What the task requires: From the line containing "ダシを含ませた大根に茹でたタ" down to the last line of the listing, quote everything word for word, and nothing else, keeping pictures out.

Dataset section:

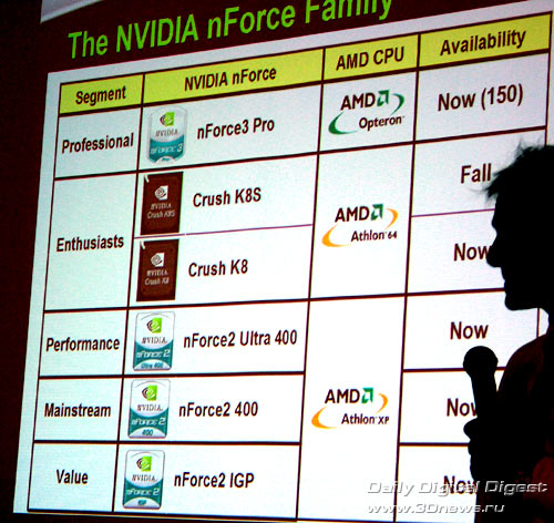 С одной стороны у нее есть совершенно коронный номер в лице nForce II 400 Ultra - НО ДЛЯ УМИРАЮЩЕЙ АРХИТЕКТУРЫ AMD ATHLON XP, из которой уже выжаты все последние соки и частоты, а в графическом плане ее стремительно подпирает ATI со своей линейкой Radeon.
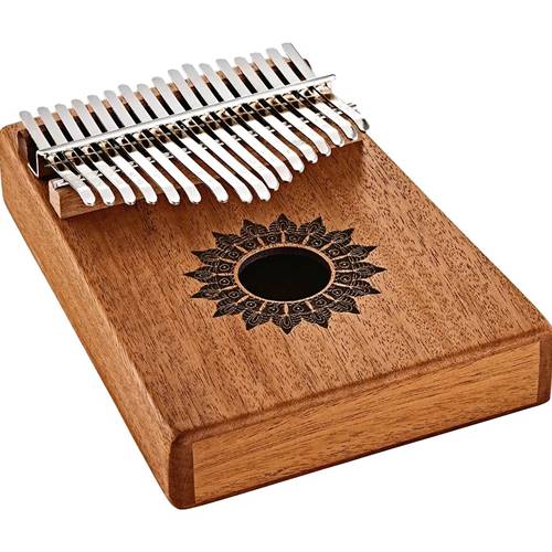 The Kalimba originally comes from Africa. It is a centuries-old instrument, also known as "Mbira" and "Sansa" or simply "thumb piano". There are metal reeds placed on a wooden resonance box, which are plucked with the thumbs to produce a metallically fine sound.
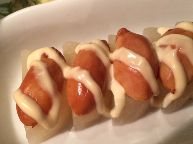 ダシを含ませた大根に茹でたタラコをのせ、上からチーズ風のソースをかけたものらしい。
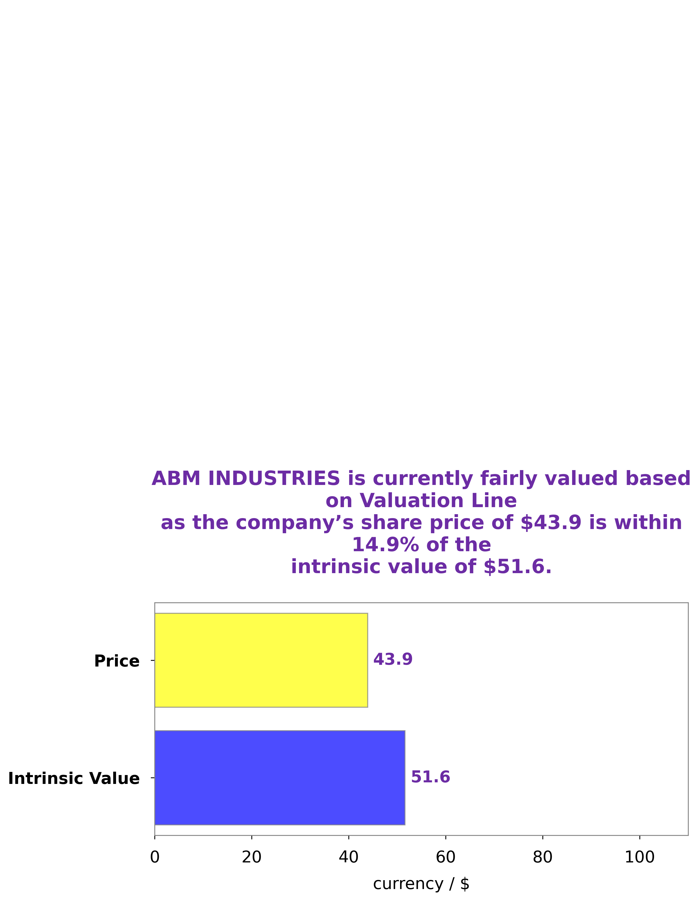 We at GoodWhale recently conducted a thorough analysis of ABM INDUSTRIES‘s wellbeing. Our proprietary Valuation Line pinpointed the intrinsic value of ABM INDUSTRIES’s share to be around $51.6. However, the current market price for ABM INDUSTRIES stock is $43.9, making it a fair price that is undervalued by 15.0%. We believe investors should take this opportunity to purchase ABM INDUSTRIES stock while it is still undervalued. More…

Response:
 ダシを含ませた大根に茹でたタラコをのせ、上からチーズ風のソースをかけたものらしい。
 We at GoodWhale recently conducted a thorough analysis of ABM INDUSTRIES‘s wellbeing. Our proprietary Valuation Line pinpointed the intrinsic value of ABM INDUSTRIES’s share to be around $51.6. However, the current market price for ABM INDUSTRIES stock is $43.9, making it a fair price that is undervalued by 15.0%. We believe investors should take this opportunity to purchase ABM INDUSTRIES stock while it is still undervalued. More…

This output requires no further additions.